The healthcare sector is lagging the overall market this year with notable weakness in the biotech sector. Growth is currently out of favor with high-yield defensive names outperforming. Now is a great time to enter into REGN with the expectations of outsized gains as the decade progresses. REGN is a long-term hold in a similar mold to Google (NASDAQ:GOOG) (NASDAQ:GOOGL), Visa (NYSE:V) and Apple (NASDAQ:AAPL). You can purchase shares today at the same price as the Oct./Nov. 2014 time frame well before Praluent was approved and now Sarilumab. REGN EV/EBITDA is currently slightly below 20, yet the number is expected to dip to 16 next year. To give further context to the numbers, REGN traded at an EV/EBITDA level of 40-50 last year.

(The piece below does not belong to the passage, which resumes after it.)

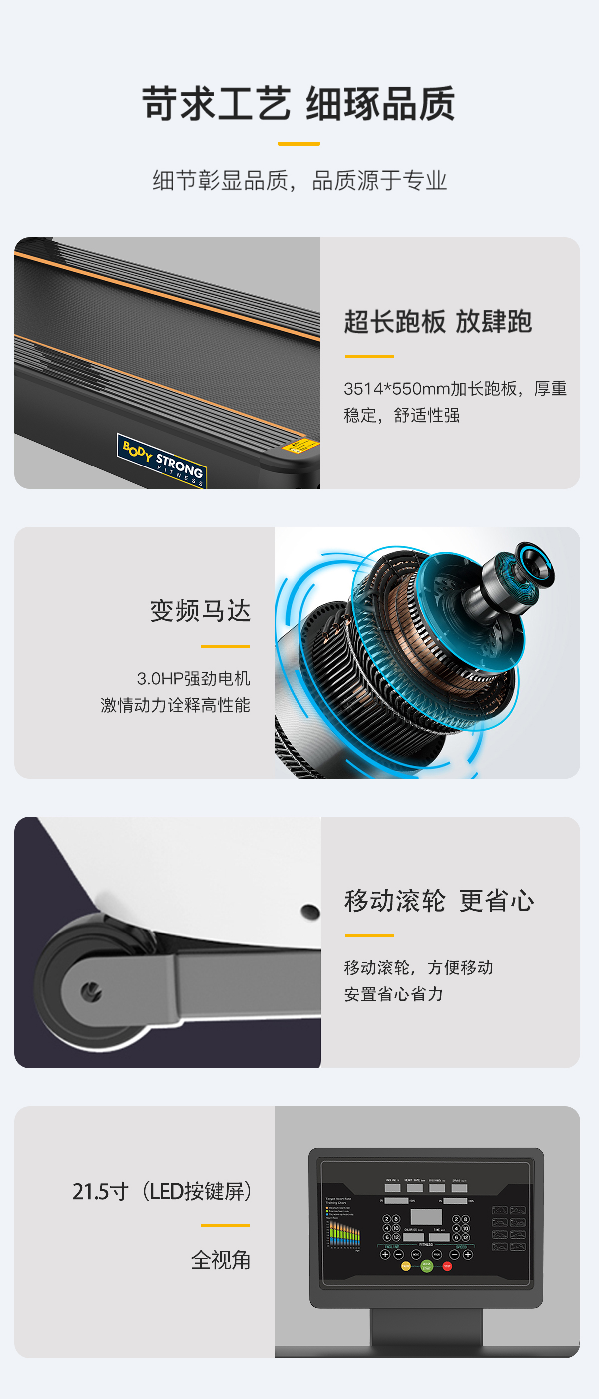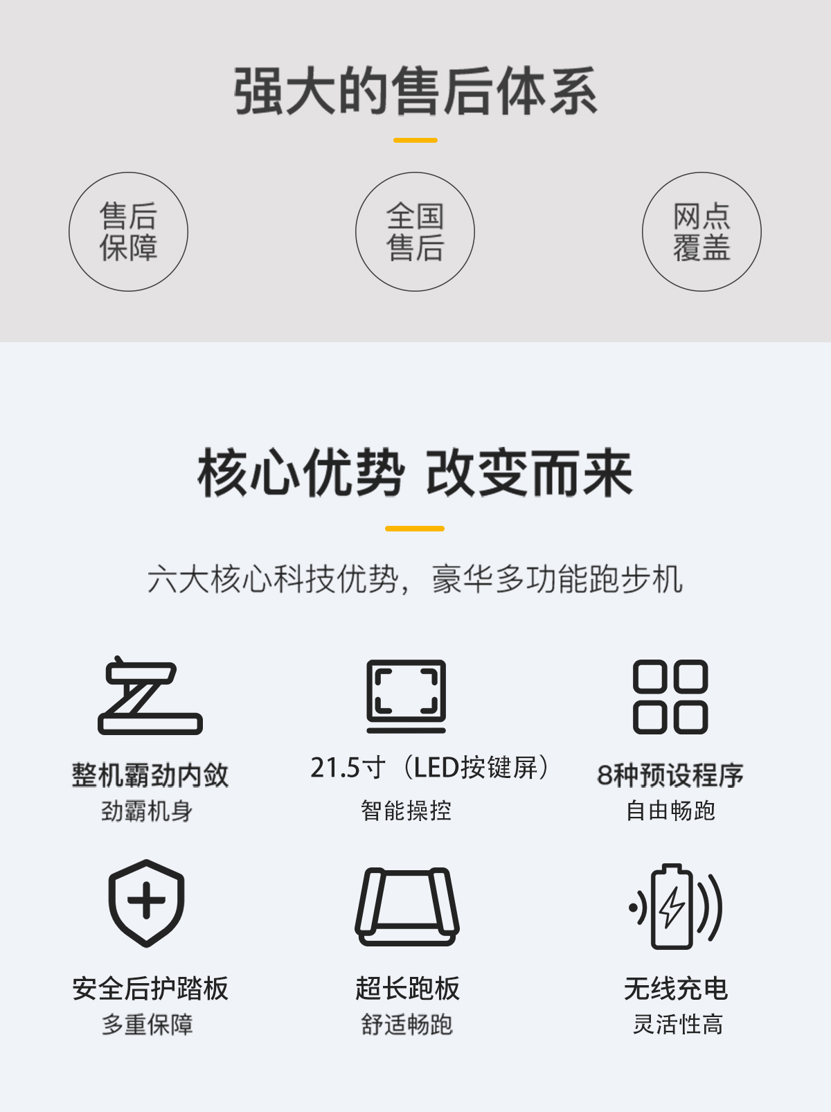 擁有四大產(chǎn)品保險(xiǎn)、8種預(yù)設(shè)程序、超長(zhǎng)跑板、無(wú)線充電、四重減震技術(shù)及自潤(rùn)滑功能

Investors are always reminded that before making any investment, you should do your own proper due diligence on any name directly or indirectly mentioned in this article. Investors should also consider seeking advice from a broker or financial adviser before making any investment decisions. Any material in this article should be considered general information, and not relied on as a formal investment recommendation.
Disclosure: I am/we are long REGN, GILD, ABBV.
I wrote this article myself, and it expresses my own opinions. I am not receiving compensation for it (other than from Seeking Alpha). I have no business relationship with any company whose stock is mentioned in this article.